The LR for various two-person relationships can be easily calculated using the formulae provided by Evett and Weir [4]. The performance of using LR scores for familial database searching has been evaluated in various articles [510]. Based on simulated and real DNA databases, the familial searches were demonstrated to be able to identify the first-order relative such as parent/child or full sibling of the perpetrator in the 100 top-listed candidates in over 70% of the cases, provided that the database really contains the profile of the relative.

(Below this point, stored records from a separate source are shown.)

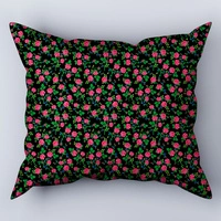 Poszewka bawełniana na poduszkę 40x60 | 119cza | czarna | róże góralskie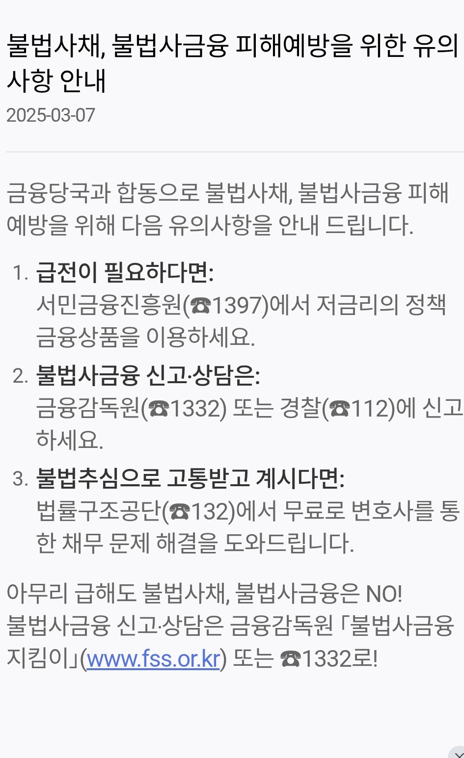 하나은행) 불법사채, 불법사금융 예방을 위한 유의사항 안내 본문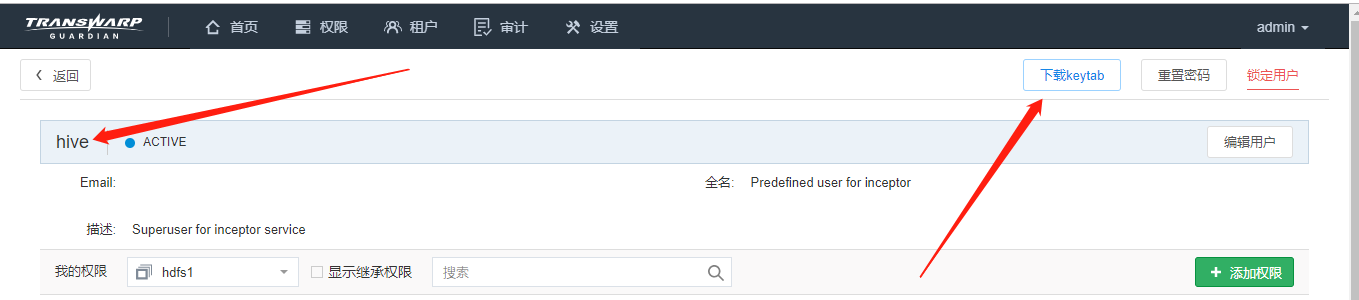 - 用户principle:hive@TDH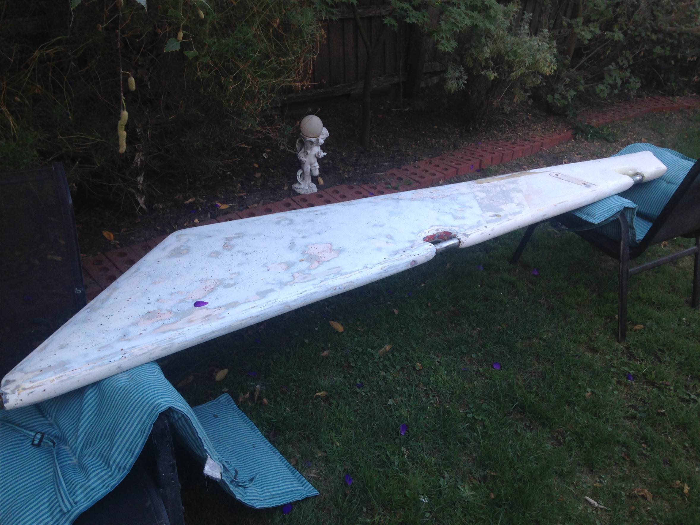 Started sanding back the other side of the Rudder today they were thousand of small moon craters all over it so I removed most of the gel coat and laid down some fiberglass cloth and epoxied that side .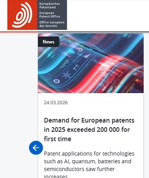 新华社柏林3月24日电 据欧洲专利局24日公布的《2025年技术小组报告》(原专利指数报告)显示,2025年欧洲专利局收到的来自中国的专利申请数量为22031件,比上年增长9.7%。中国专利申请量首次升至第三位,在专利申请前十名国家中增长最快。总体来看,2025年欧洲专利局共收到来自全球的专利申请201,974件,同比增长1.4%,创历史新高。专利申请数量最多的五个国家是美国、德国、中国、日本和韩国。报告显示,2025年来自中国的专利申请将占欧洲专利局收到的专利申请总量的10.9%。其中,数字通信是中国申请专利申请的领域。大多数专利。此外,交通运输和半导体是中国专利申请增长最快的领域,同比增速超过30%。 3月24日epo.org网站首页截图(部分)。如果从企业排名来分析,2025年向欧洲专利局提交专利申请的所有企业中,中国华为以4744件专利申请量位居第二。中国当代新能源科技有限公司以1305件专利申请量排名第10位。这是首次有两家中国企业进入前十名。韩国三星位居第一,其次是韩国LG和美国高通。除了华为和宁德时代之外,进入前50名的还有另外四家中国企业:小米、中兴、OPPO和腾讯。 d从技术领域来看,欧洲专利局收到最多专利申请的领域2025年是计算机技术领域,专利申请总量为17844件,比上年增长6.1%。报告认为,人工智能的快速发展是该领域专利增长的主要驱动力。数字通信领域的专利申请量增长最多,比上年增长11.4%,达17,802件。记者 杜哲宇 初一
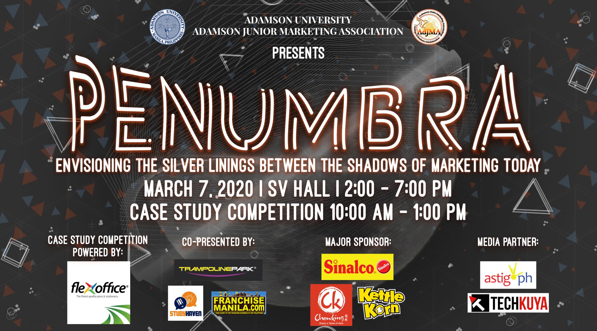 Adamson Junior Marketing Asociation is an official partner organization of Philippine Junior Marketing Association (PJMA) will be holding their flagship event entitled “PENUMBRA: Envisioning the Silver linings between the Shadows of Marketing Today” on March 7, details below.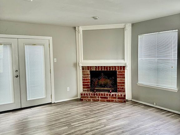 Step inside to fresh paint, updated fixtures, and durable wood plank flooring throughout. Stay comfortable year-round with central air and heating and enjoy the ambiance of the brick wood-burning fireplace, the centerpiece of the cozy living area. French doors lead to your private patio, perfect for relaxing outdoors.

In some typical crime cases such as murder cases or rape cases, the biological trace is often observed as a DNA mixture contributed by the victim and the perpetrator. Over the years, the evaluation of the DNA mixtures in probable cause cases has been studied extensively [1114], and various formulae have been developed to handle situations when relatives are involved [1517]. In two previous articles [18, 19], we have reported our progress on the attempt to apply database search on cases with DNA mixtures as part of the evidences and derived several formulae for evaluating the evidentiary values of “cold hits.” To go a further step, Chung et al. [20] has extended the familial database search method so as to handle mixture cases, and the performance is shown to be as good as in single source cases.

Based on the results of a familial search, the number of individuals to be further investigated may depend on the regional policy. For example, according to the California familial search policy, after the list of top-ranked candidates is produced, lineage DNA testing will be conducted on up to 168 candidates by using Y-STR typing [21]. In addition to familial search policy, the scale of the investigation will also vary based on practical considerations including the limitation of manpower, the resources of the police offices, and the scale of the crime severity. The main cost factor is in the need to investigate the background of each candidate so that irrelevant candidates can be eliminated as being the possible relative of the perpetrator. Investigating on thousands of candidates for every case is impractical as the law enforcement resources will be overwhelmed by the heavy case load. It would be more effective if a large number of candidates are investigated only for serious and high-profile criminal cases. It is therefore necessary to determine the scale of the investigation so that the effectiveness of the search can be guaranteed under reasonable cost. Ge et al. [10] had given some suggestions on the thresholds to the LR as well as the identity-by-state scores, with the aim of balancing the false-positive and false-negative rates. These thresholds, however, are specific to a particular database as they are determined based on a simulation study using Caucasian population data on the 13 CODIS STR loci. The primary aim of this work is to establish a general strategy on deciding the number of top-listed candidates to be investigated after the familial search, according to the statistical criteria on the true and false hit rates required by the police force.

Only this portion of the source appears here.